*What the exercise asks*:
Return nothing but the lines from the one with "王志刚向舍得酒业产业导师颁发" through the one with "Black shirt featuring" in the data below, word for word and without pictures.

=-=-=-=-=

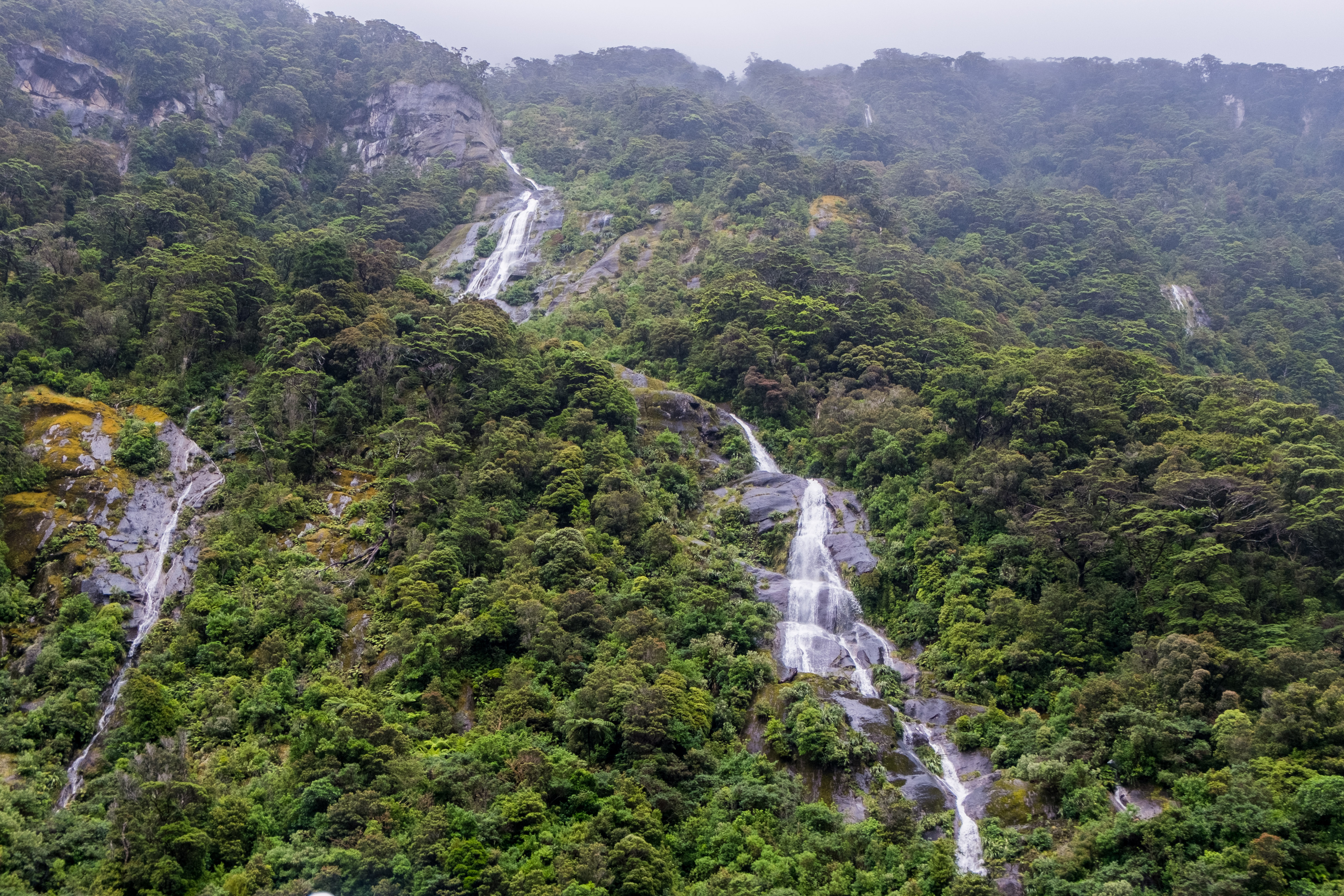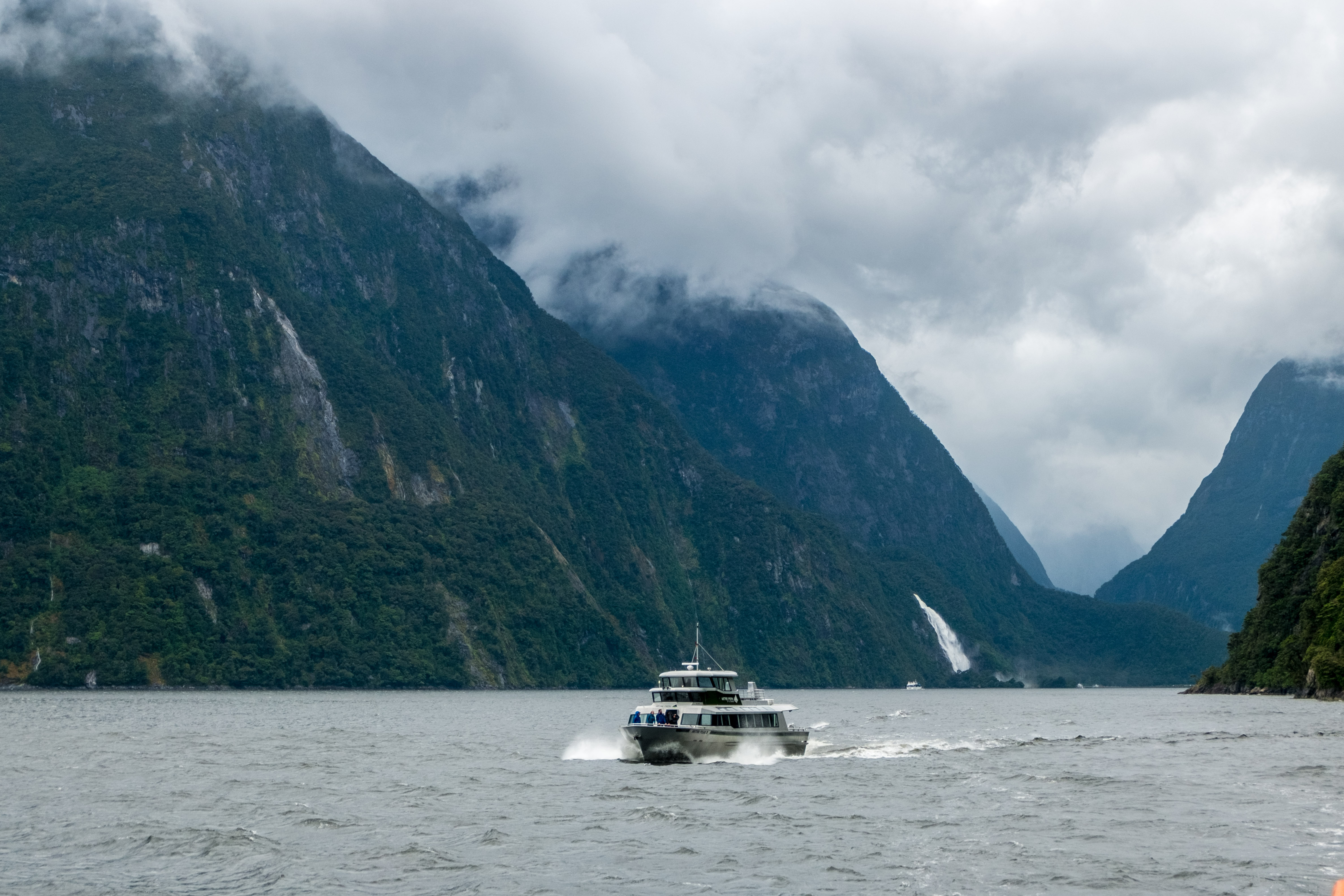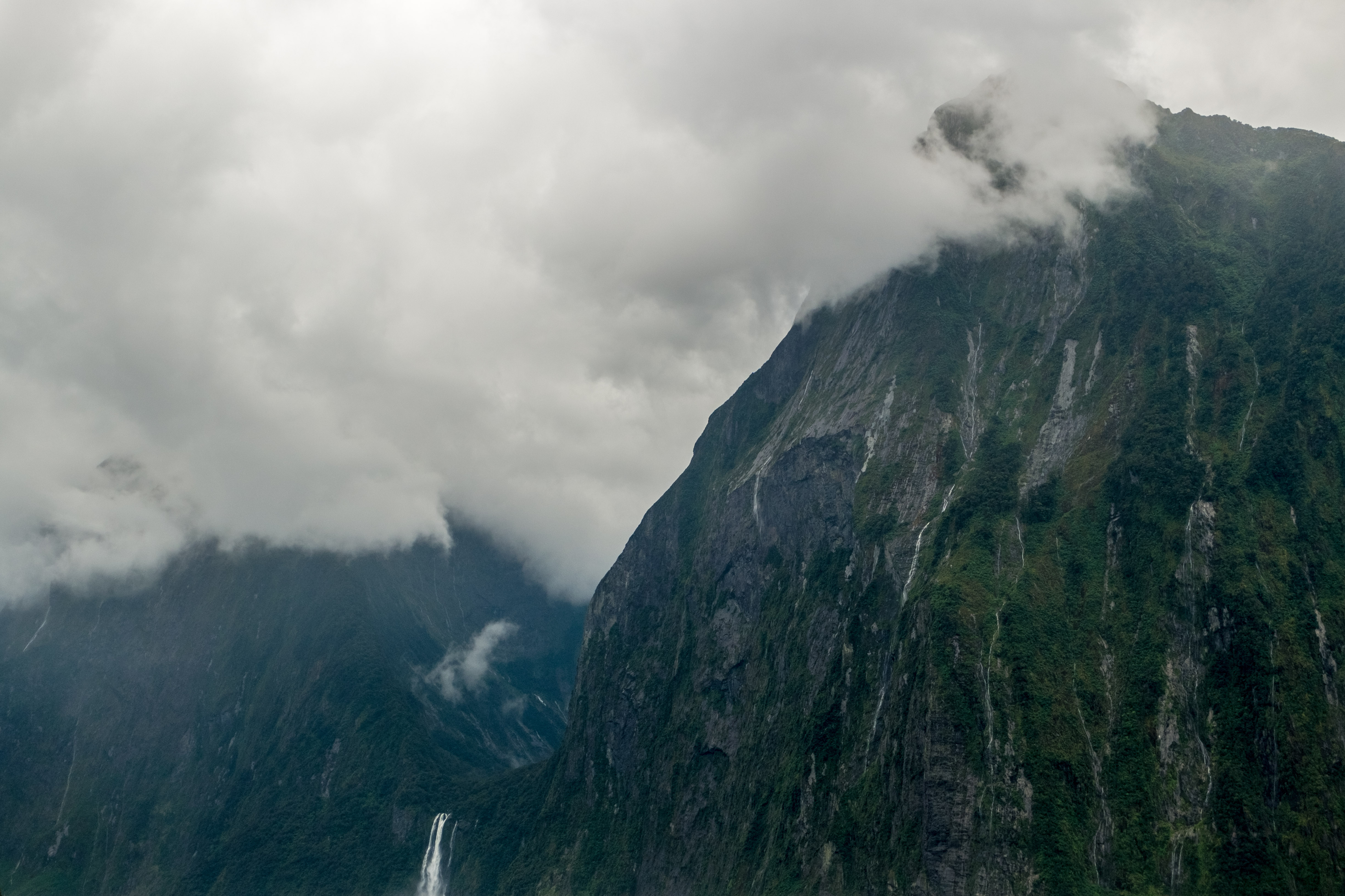 Durant notre visite cette fois pas de grand soleil mais, à la place, un ciel nuageux au début et même de la pluie pendant les dernières 45 minutes. En effet la région des fjords néozélandais est connue pour être particulièrement pluvieuse. Alors aller à Milford Sound implique la plupart du temps d’affronter la pluie mais c’est aussi ce qui fait son charme. Le voile brumeux donne une dimension mystique à cet incroyable décor et la pluie alimente les très nombreuses cascades.
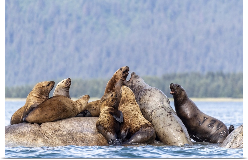 <p>Steller sea lions (Eumetopias jubatus), haul out site, South Marble Islands, Glacier Bay National Park, UNESCO World Heritage Site, Alaska, United States of America, North America</p>
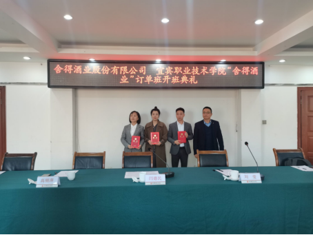 王志刚向舍得酒业产业导师颁发了聘书,闫德民为“舍得酒业”订单班学生分发了订单班物品,并分别代表学校、企业和学生代表签订了三方协议。
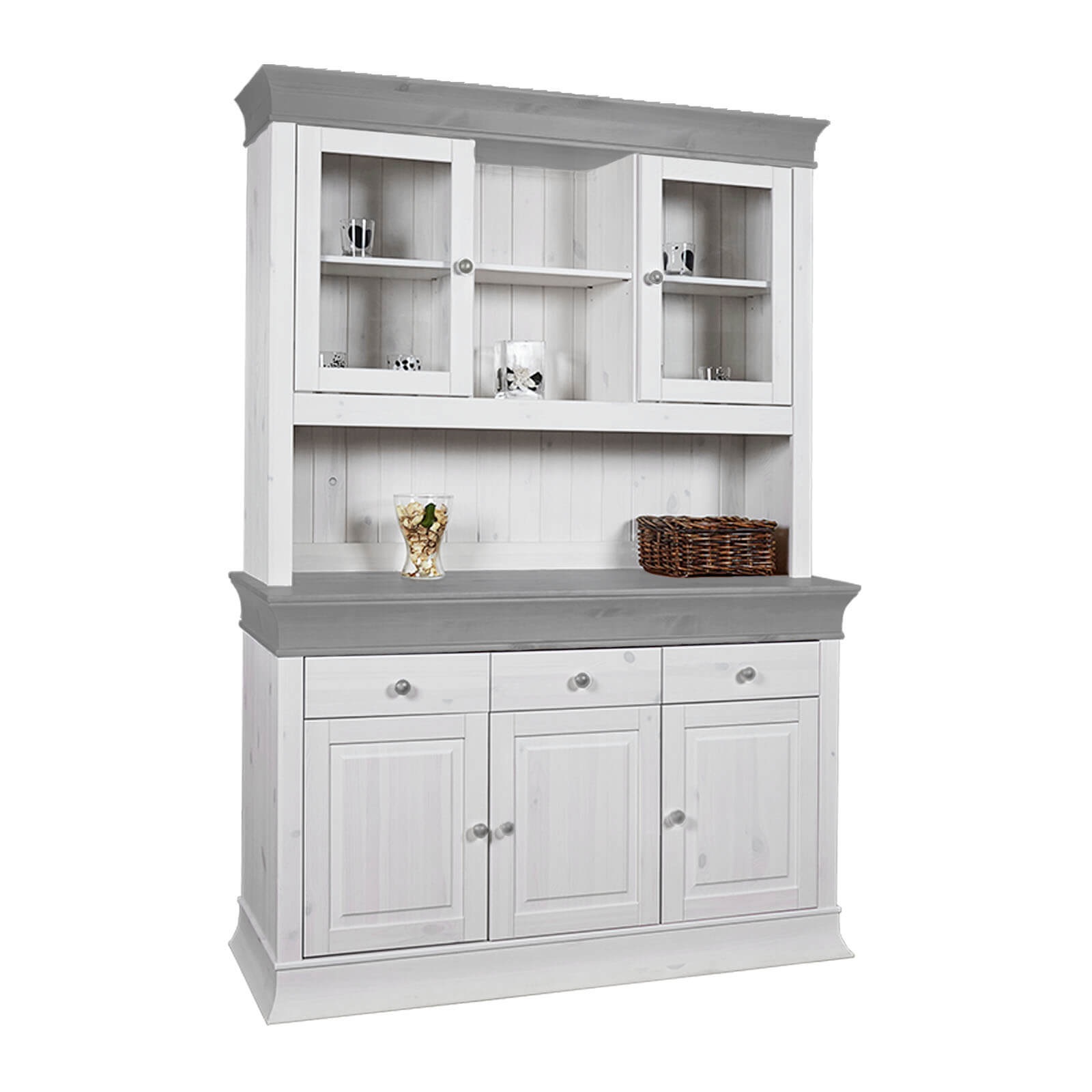 Роскошный деревянный Буфет на кухню Бостон Белый воск + серый , выполненный из соснового массива, отличная возможность наполнить для любую кухню или зал атмосферой домашнего уюта. Модель изготовлена из массива дерева с учетом современного стиля, благодаря чему, буквально, трудно от неё отвести взгляд.
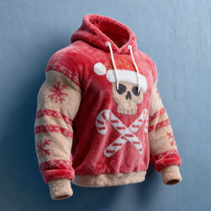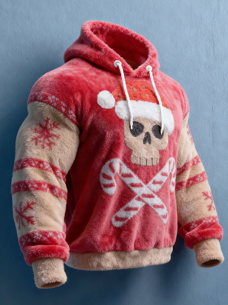 Simpfit Herren-Flanellhoodie mit lustigem Weihnachts-Totenkopfmotiv
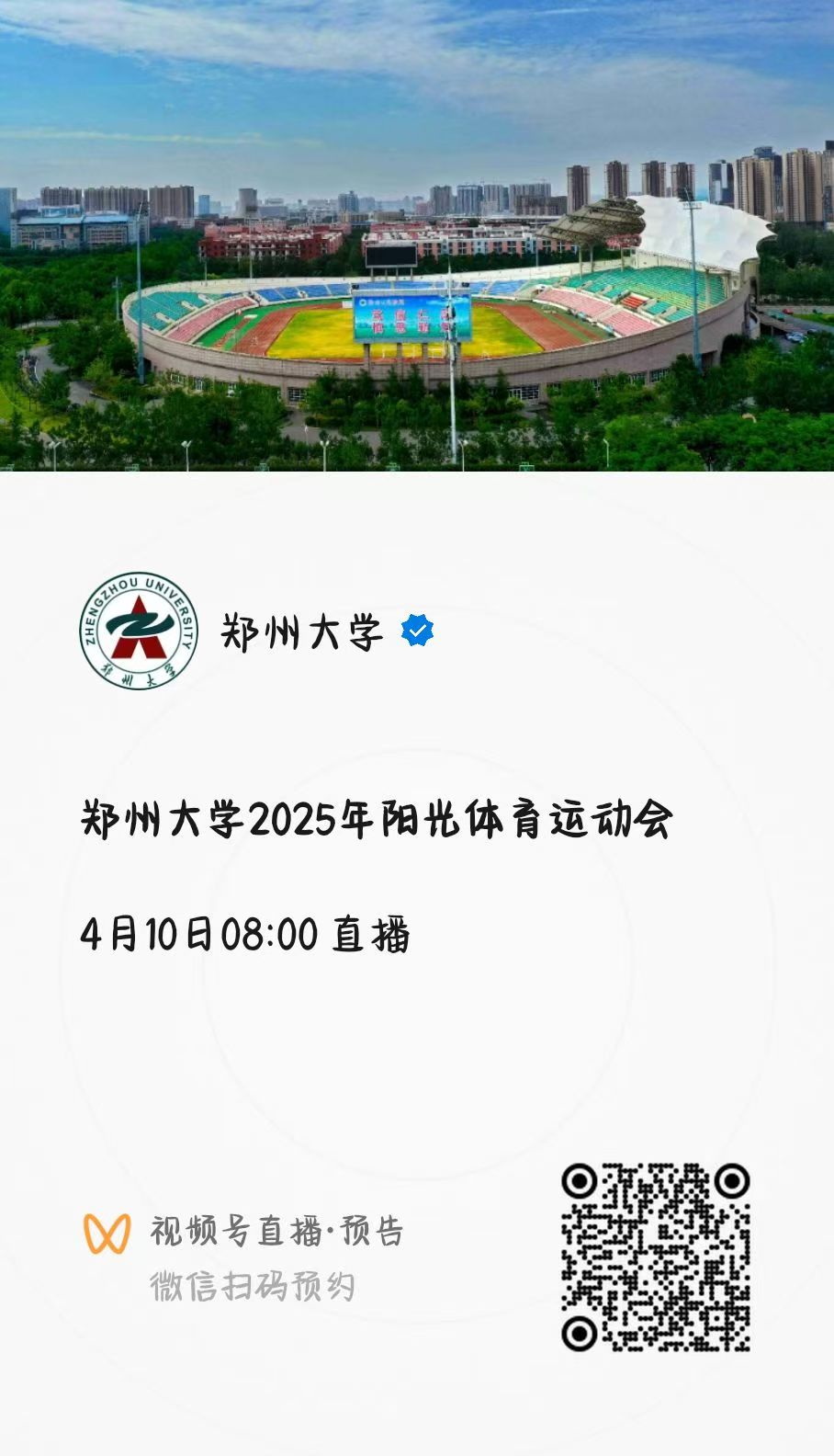 鄭州大學2025年陽光體育運動會開幕式定于4月10日8:00在主校區本源體育場舉行。現就運動會開幕式線上直播相關工作通知如下:
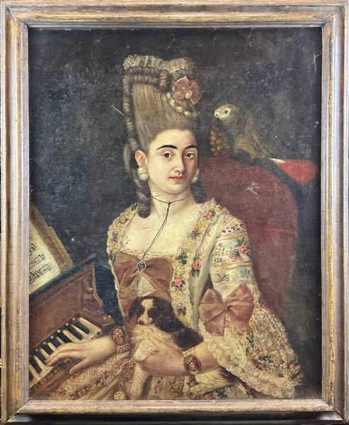 Scuola del secolo XVIII "Ritratto di dama alla spinetta con cagnolino e medagl
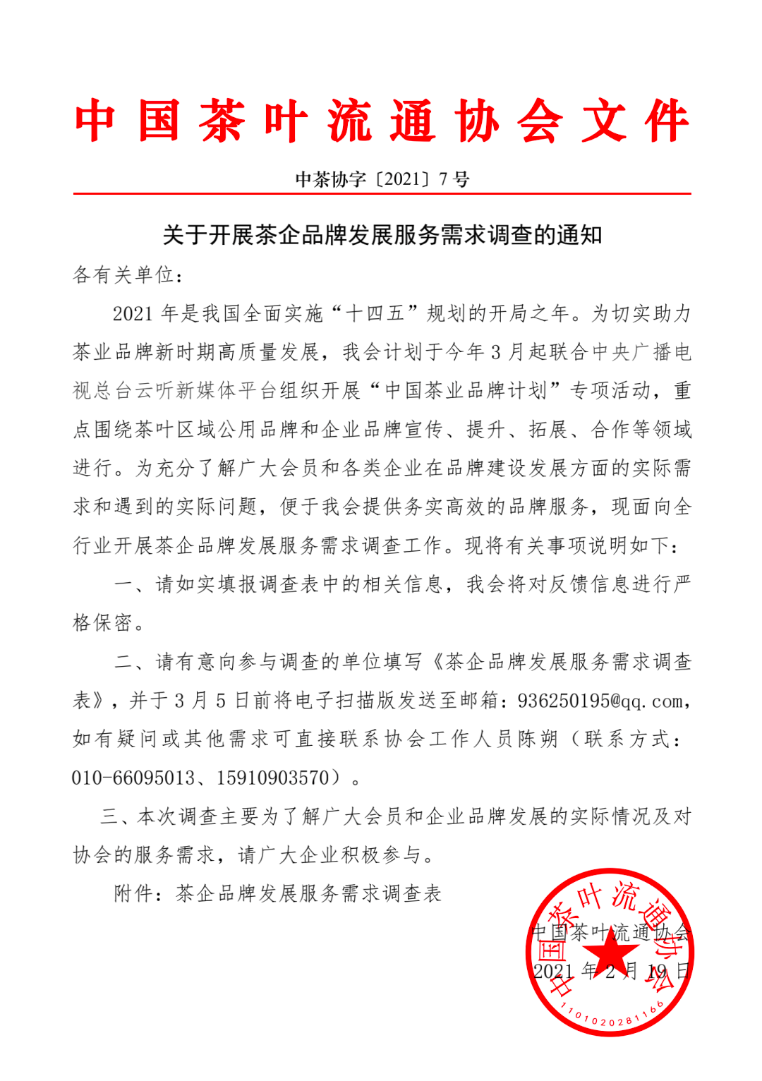 中國(guó)茶葉流通協(xié)會(huì)關(guān)于開展茶企品牌發(fā)展服務(wù)需求調(diào)查的通知
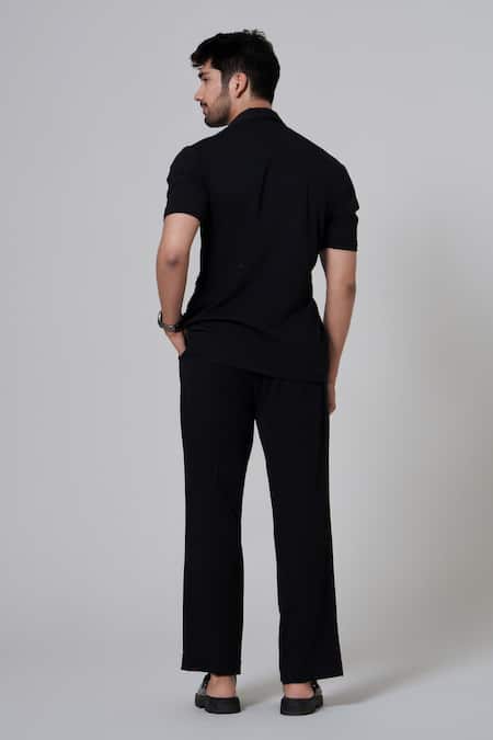 Black shirt featuring multiple pockets and a relaxed fit. Paired with matching black pants for a coordinated look.
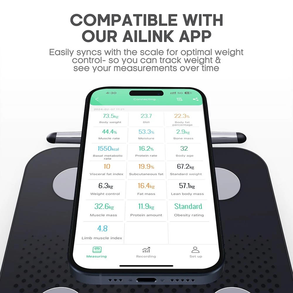 Інтелектуальні функції: O'Yeet BS-OY03 Smart Scale підтримують функції пам'яті, що дозволяє відстежувати зміни ваги з часом. Функція автоматичного вимкнення значно економить енергію, подовжуючи термін служби батарей (4 x 1.5V AAA). Можливість інтеграції з розумним будинком забезпечує додаткову зручність та легкість використання.

=-=-=-=-=

*Task solution*:
 王志刚向舍得酒业产业导师颁发了聘书,闫德民为“舍得酒业”订单班学生分发了订单班物品,并分别代表学校、企业和学生代表签订了三方协议。
 Роскошный деревянный Буфет на кухню Бостон Белый воск + серый , выполненный из соснового массива, отличная возможность наполнить для любую кухню или зал атмосферой домашнего уюта. Модель изготовлена из массива дерева с учетом современного стиля, благодаря чему, буквально, трудно от неё отвести взгляд.
 Simpfit Herren-Flanellhoodie mit lustigem Weihnachts-Totenkopfmotiv
 鄭州大學2025年陽光體育運動會開幕式定于4月10日8:00在主校區本源體育場舉行。現就運動會開幕式線上直播相關工作通知如下:
 Scuola del secolo XVIII "Ritratto di dama alla spinetta con cagnolino e medagl
 中國(guó)茶葉流通協(xié)會(huì)關(guān)于開展茶企品牌發(fā)展服務(wù)需求調(diào)查的通知
 Black shirt featuring multiple pockets and a relaxed fit. Paired with matching black pants for a coordinated look.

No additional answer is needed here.